An Australian appeal court has ruled that Google misled customers by placing four advertisements from competitors of businesses which the user searched for on its results page.
In an appeal made by the Australian Competition and Consumer Commission (ACCC), the Australian Full Federal Court said Google’s conduct was in breach of section 52 of the Trade Practices Act 1974.
In the case, the ACCC said that when a user searches for a business in Google’s search engine, results for a competitor’s name who paid Google to host ads there would appear beside the search results, claiming this misled customers.
The case was initially filed in October 2011, however, the primary judge found that while some advertisers were being misleading, Google had not made those representations, but just communicated them from the business to the consumer.

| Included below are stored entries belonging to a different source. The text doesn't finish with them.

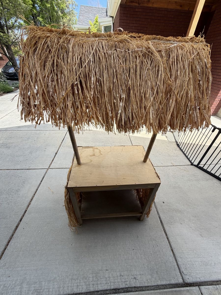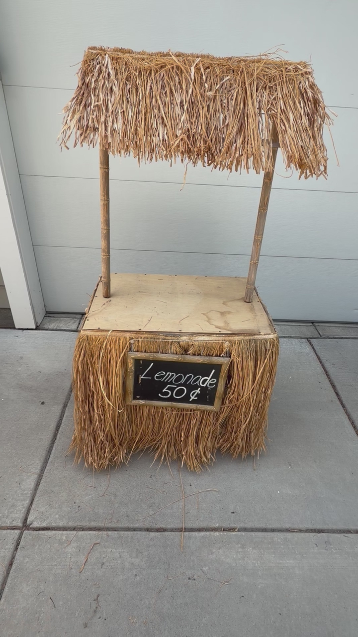 Real grass skirt trim pieces around table and roof (Industrial strength VELCO keeps in place!) Bamboo framed chalk board hangs from pegs (writable area-13.5 inches by 8.5 inches) Open Back for storage. Can be disassembled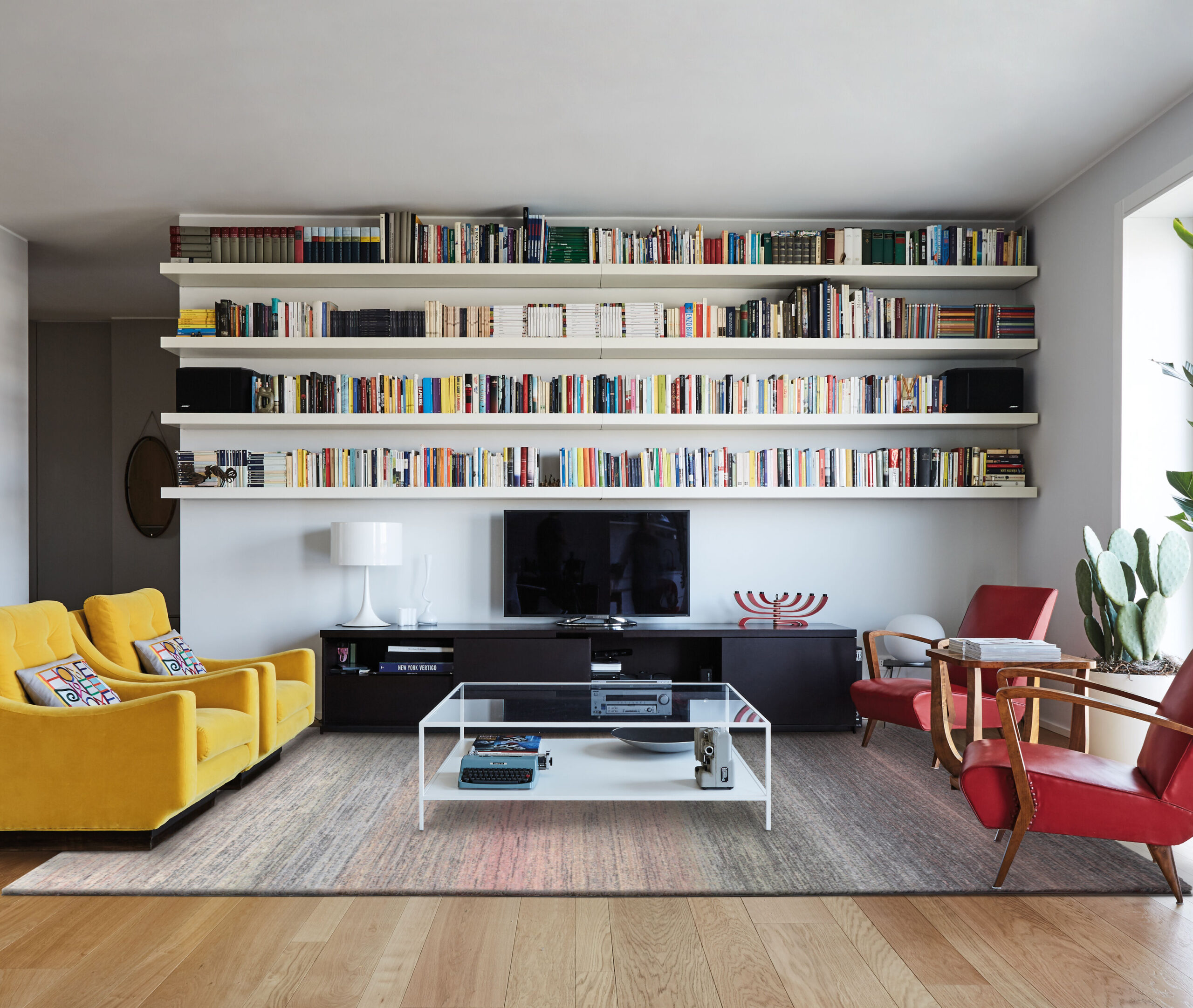 Minimalizm w czystej formie bywa nudny. Białe ściany, szara sofa, proste lampy… i nagle kolorowy dywan. Jeden element zmienia wszystko. Niby minimalizm zostaje, ale pojawia się osobowość.
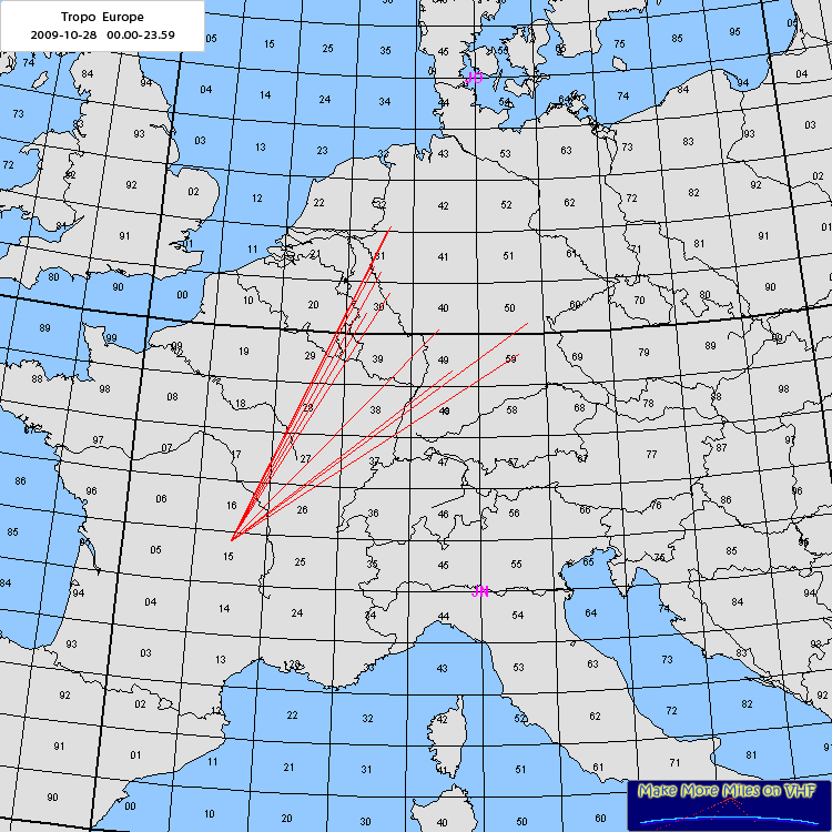 Rig: FT847 - 16 ele yagi -100wLog: 18:00 DF0HF JO50SF 55 56 (802km)18:10 DL3IAS JN49OI 52 57 (609km) only 5w 20:05 DF5NK JN59OP 59 59 (746km) 21:08 DD9EN JO31JG 55 57 (668km) 20:11 DF0MU JO32PC 56 59 (767km) 20:15 DL1EJG JO31MF 52 57 (676km) 20:18 DL6YBF JO31OX 53 55 (752km) 20:25 DL8DAK JO30PU 53 51 (644km) 20:45 DL3FBJ JO40JD 58 58 (646km) 21:23 DM4KCS JO30HK 56 59 (581km) Comment: Nice opening but not very long distance QSO ....Beacon heard during these 4 days (27,28,29,30 October) from JN15MT ( 10km ouest from Clermont -Ferrand): - FX3THF with my antenna azimuth 45° !! - F5ZXK in JN18KF with strong signal even with the "ultralow" signal - F5ZXV in JN38CO ( Nancy)for the first time - DB0MMO in JN49RV both on 144 and 432Mc - DBOIH in JN39Ml on 70cm |

The ACCC appealed this decision and the appeals court decided that Google did not simply repeat or pass on a statement from an advertiser but displayed a response for a search query which they decided was misleading. Google was ordered to pay a share of the costs for the trial and appeal.
“The ACCC brought this appeal because it raises very important issues as to the role of search engine providers as publishers of paid content in the online age,” said ACCC chairman Rod Sims.
“This is an important outcome because it makes it clear that Google and other search engine providers which use similar technology to Google will be directly accountable for misleading or deceptive paid search results,” Sims said.